EXERCISE DATA START

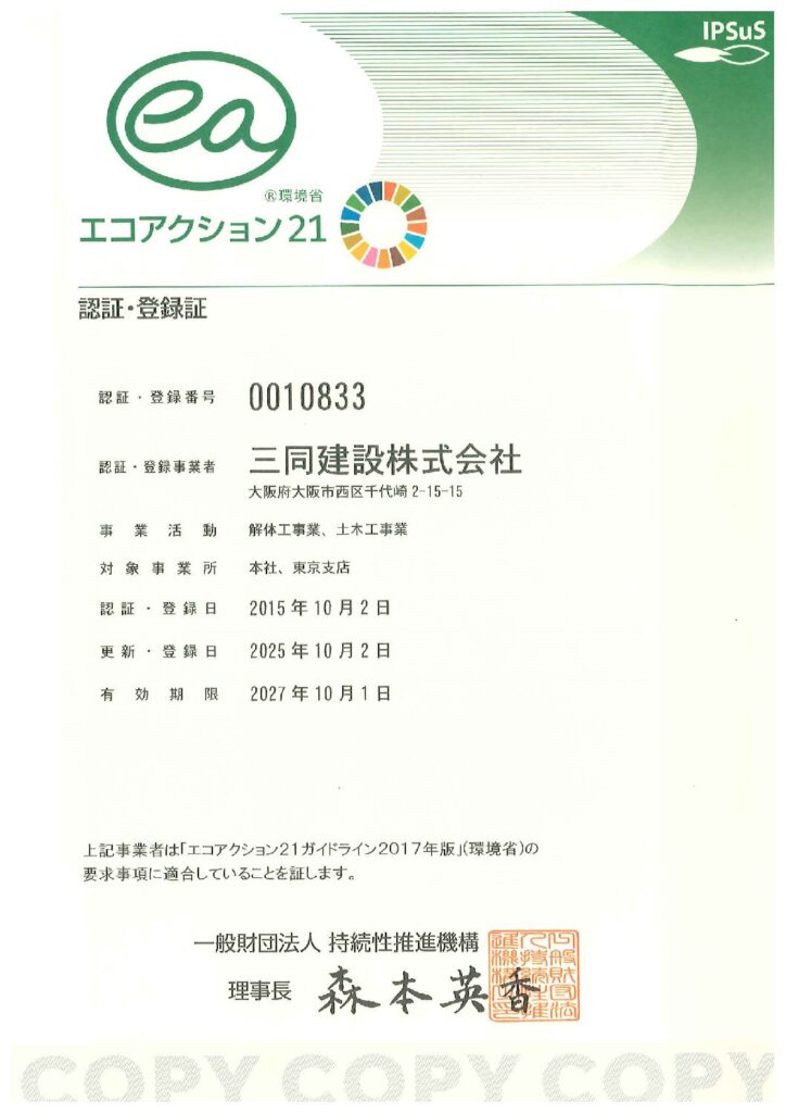 この度、弊社が取り組んでいる「エコアクション21」の認証更新手続きが完了いたしました。エコアクション21は中小企業のための環境マネジメントシステムとして脱炭素社会の実現、さらにはSDGsの実現につながるものです。弊社は引続き、環境マネジメントに取り組み、環境に配慮した事業活動および持続可能な社会の実現に尽力いたします。
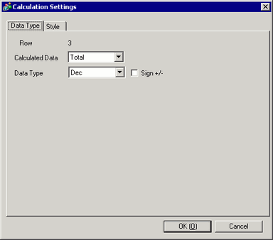 If the [Number of Calculation Display Rows] in [Block Print] is not zero, select the Calculation row or Data column Calculation cell, and click [Detail Settings]. The following dialog box appears.
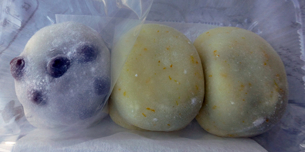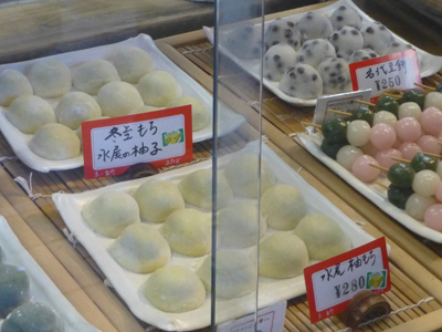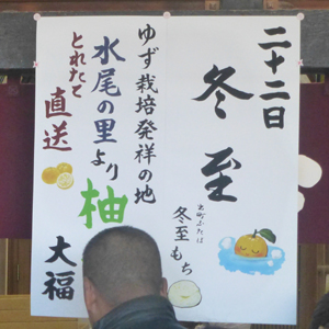 この日は12月22日の冬至を前にして「冬至餅」。ゆずを餅に練りこんだ大福だ。 |
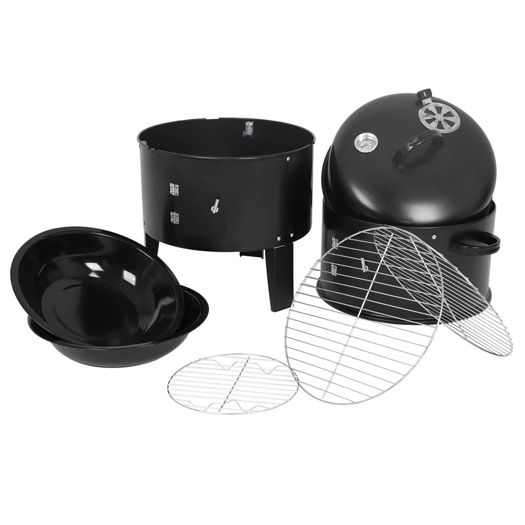 2 lager för grillning, temperaturmätare placerad ovanpå, 2 luckor framtill för kontroll och påfyllning av vatten och kol
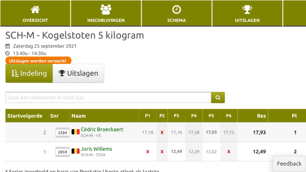 Ons verslag beginnen we met onze man in topvorm, Cédric. Vorige week nog bracht hij zijn PR op 17m43. Wel, vandaag deed hij liefst 3x beter, om uiteindelijk met 17m93 zijn record met een halve meter scherper te stellen! Een ongelooflijk knappe prestatie die hem naast een PR en clubrecord ook nog een 4de plaats allertijden opleverde. In het discuswerpen presteerde hij dan weer wat minder met 46m30. Maar na zo een straffe kogelprestatie is hem dat met alle plezier vergeven 😉 !
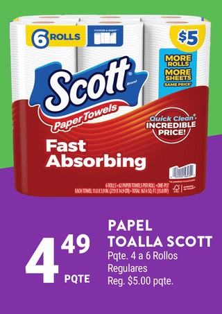 PAPEL TOALLA SCOTT Pqte. 4 a 6 Rollos Regulares
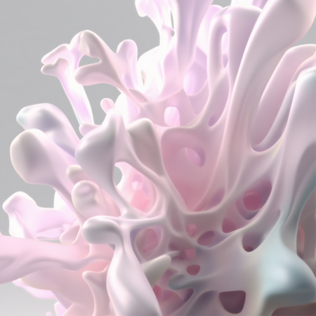 Macro rendering of organic chemical forms in the style of Zaha Hadid: smooth soft-touch texture, pearl white and lavender-lilac gradient, translucency, curves reminiscent of a splash, porous structure.
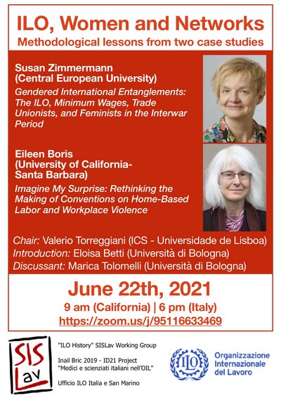 Si terrà il 22 giugno alle 18 il seminario "ILO, Women and Networks. Methodological lessons from two cases studies", cui parteciperanno Susan Zimmermann, della Central European University, e Eileen Boris, della University of California - Santa Barbara.

EXERCISE DATA END

WHAT YOU HAVE TO DO: The entire listing is to be printed exactly, with each picture omitted.

ANSWER:
 この度、弊社が取り組んでいる「エコアクション21」の認証更新手続きが完了いたしました。エコアクション21は中小企業のための環境マネジメントシステムとして脱炭素社会の実現、さらにはSDGsの実現につながるものです。弊社は引続き、環境マネジメントに取り組み、環境に配慮した事業活動および持続可能な社会の実現に尽力いたします。
 If the [Number of Calculation Display Rows] in [Block Print] is not zero, select the Calculation row or Data column Calculation cell, and click [Detail Settings]. The following dialog box appears.
 この日は12月22日の冬至を前にして「冬至餅」。ゆずを餅に練りこんだ大福だ。 |
 2 lager för grillning, temperaturmätare placerad ovanpå, 2 luckor framtill för kontroll och påfyllning av vatten och kol
 Ons verslag beginnen we met onze man in topvorm, Cédric. Vorige week nog bracht hij zijn PR op 17m43. Wel, vandaag deed hij liefst 3x beter, om uiteindelijk met 17m93 zijn record met een halve meter scherper te stellen! Een ongelooflijk knappe prestatie die hem naast een PR en clubrecord ook nog een 4de plaats allertijden opleverde. In het discuswerpen presteerde hij dan weer wat minder met 46m30. Maar na zo een straffe kogelprestatie is hem dat met alle plezier vergeven 😉 !
 PAPEL TOALLA SCOTT Pqte. 4 a 6 Rollos Regulares
 Macro rendering of organic chemical forms in the style of Zaha Hadid: smooth soft-touch texture, pearl white and lavender-lilac gradient, translucency, curves reminiscent of a splash, porous structure.
 Si terrà il 22 giugno alle 18 il seminario "ILO, Women and Networks. Methodological lessons from two cases studies", cui parteciperanno Susan Zimmermann, della Central European University, e Eileen Boris, della University of California - Santa Barbara.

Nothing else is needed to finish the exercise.